There is a mailing list -- Hpl1d News, it is used now mainly for announcements of "Horsepower Lab 1D" updates. To subscribe for this mailing list, please send an (empty) e-mail to hpl1d-news-subscribe@horsepowerlab.com.

hpl2d

"Horsepower Lab 2D" is just another software package.
    To properly evaluate fluxes through local flow restriction ("connector" module), one must prescribe its integral flow properties by providing merely a pressure loss coefficient. For the determination of this value (or the corresponding total pressure recovery factor) a special numerical technique can be applied. It is implemented in hpl2d package, with the objective to make it possible to account for notable compressibility effects -- for flows at high Mach numbers -- by CFD simulation in 2D with (well, to some extent) realistic geometry.
    hpl2d package is capable to obtain steady-state solutions to problems governed by 2D conservation laws, for planar and axial symmetries. In its future versions, hpl2d will allow simulations of unsteady response of flow splitters, that is a desirable feature. Every utility in hpl2d will be using first- or higher-order conservative finite-volume schemes.
    On Fig. 7 you can see the Win32 GUI front-end to the hpl2d package.
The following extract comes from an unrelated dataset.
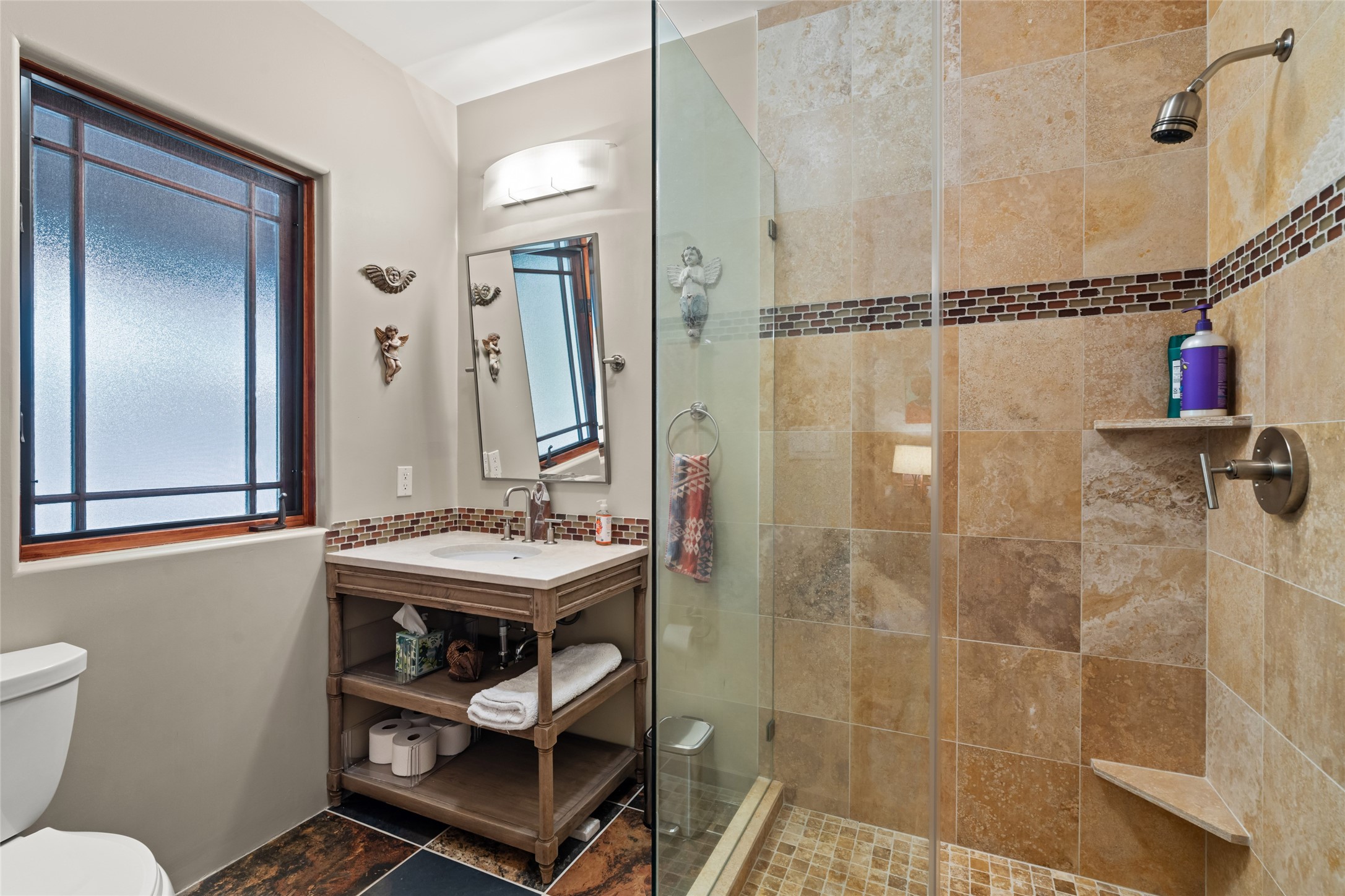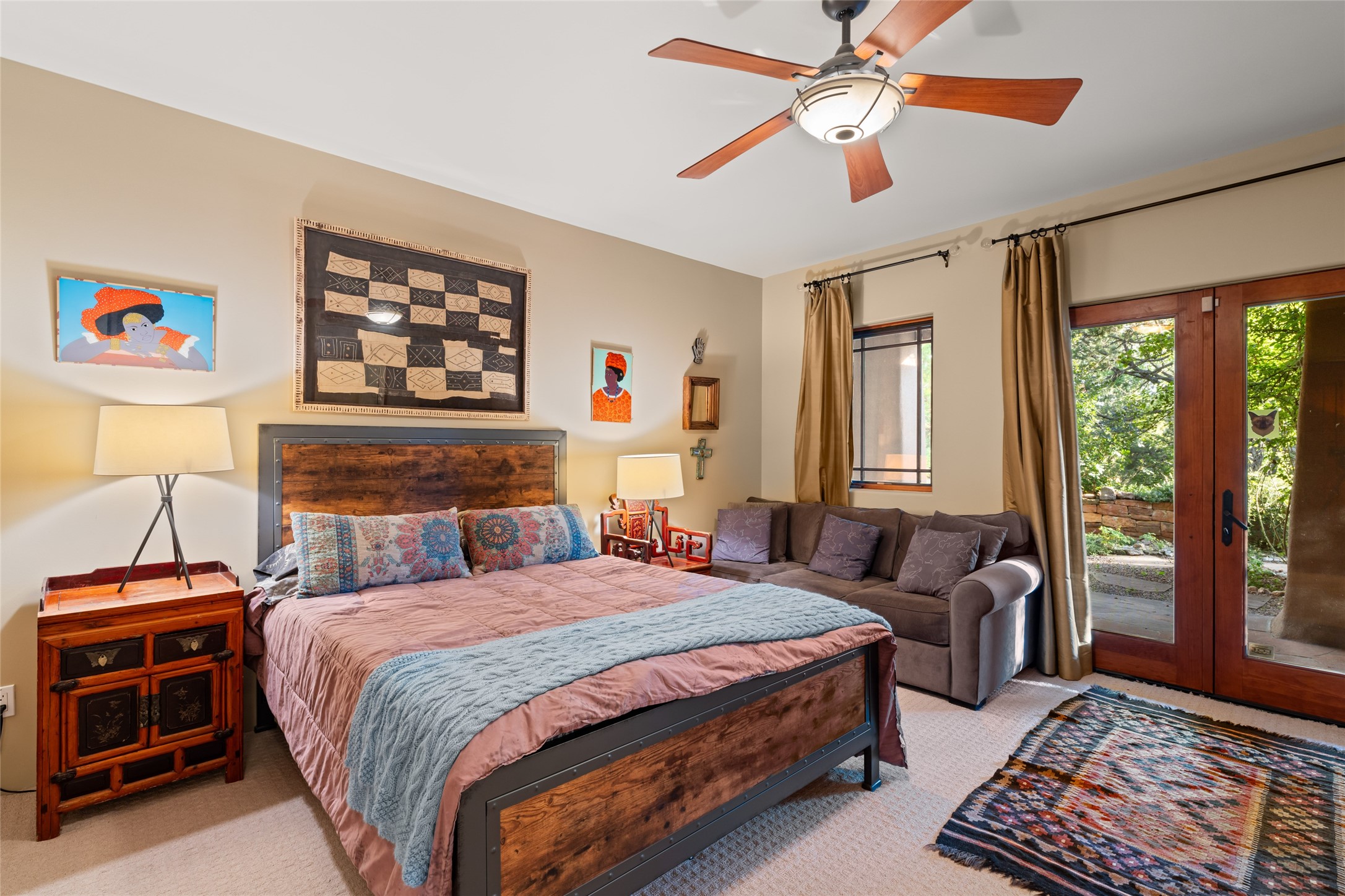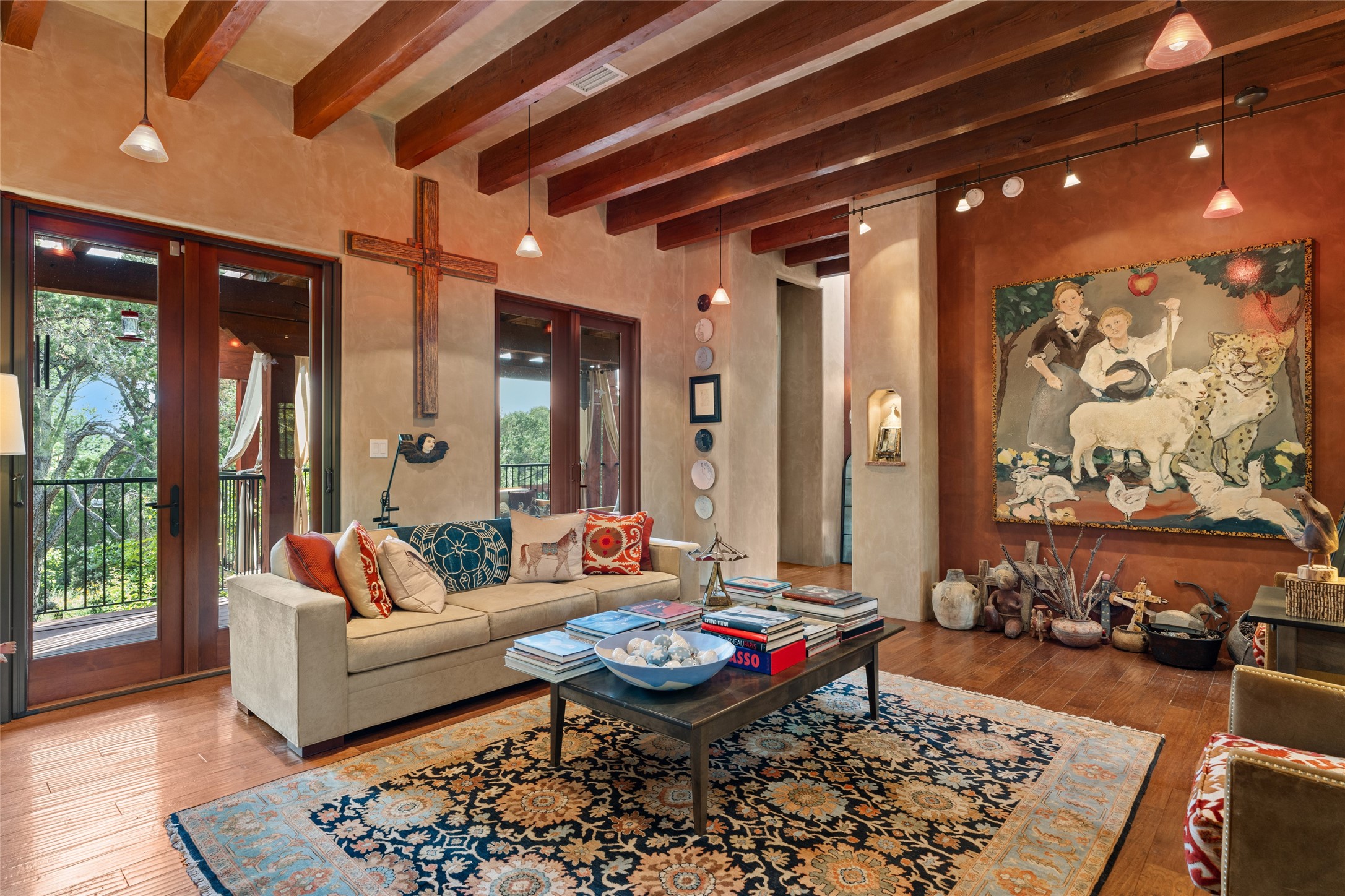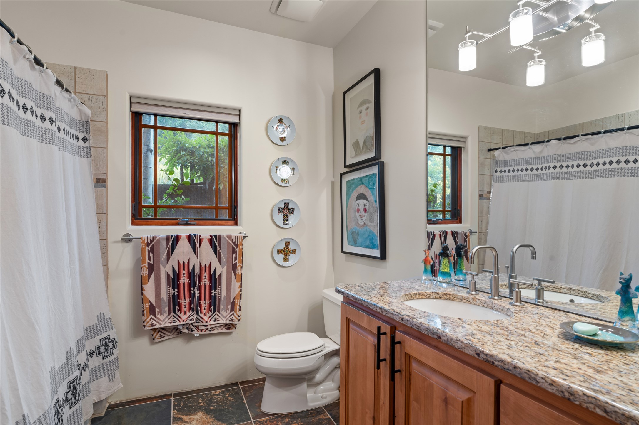 The owners have created a very special sanctuary in the highly desirable Sierra Del Norte neighborhood. The home is a picture of high-end elegance with an incredible outdoor living room portal for entertaining overlooking the gardens and so much more. This is a gardeners dream with outdoor spaces you must see to believe. From the cottonwoods, aspens, walking paths, water features, garden pergola with hot tub and fire pit to the lavishly and tastefully landscaped surroundings, this property is both one of kind intriguing and blissful. The gorgeous kitchen and wet bar, main living spaces and primary suite on the first floor are stunning in every way. Three bedrooms each with their own bathrooms provide ample space and privacy for guests. There is a beautiful double sided fireplace. A kiva in the primary suite and a kiva in the outdoor entertainment area. The home is six minutes from the Plaza. The roads are paved and maintained. The home is insurable.

Win32 GUI front-end to the hpl2d

Fig. 7. Win32 GUI front-end to hpl2d package.

Shown on Fig. 8 are sample plots of Mach number field and pressure field -- for the steady state [supercritical] flow through configuration that models engine-specific cylinder-port-valve local flow restriction.

2D flowfield on a plate valve

Fig. 8. 2D flowfield in a valve-like domain.

Click here to view more screenshots of the current version of hpl2d.

Trial version of hpl2d (Windows 32-bit only) can be downloaded from here. Please check this link for updates. Turning trial version of the program to production mode is possible after ordering and registration; that can be done from here. At its current pre-release status a special price is set: $55.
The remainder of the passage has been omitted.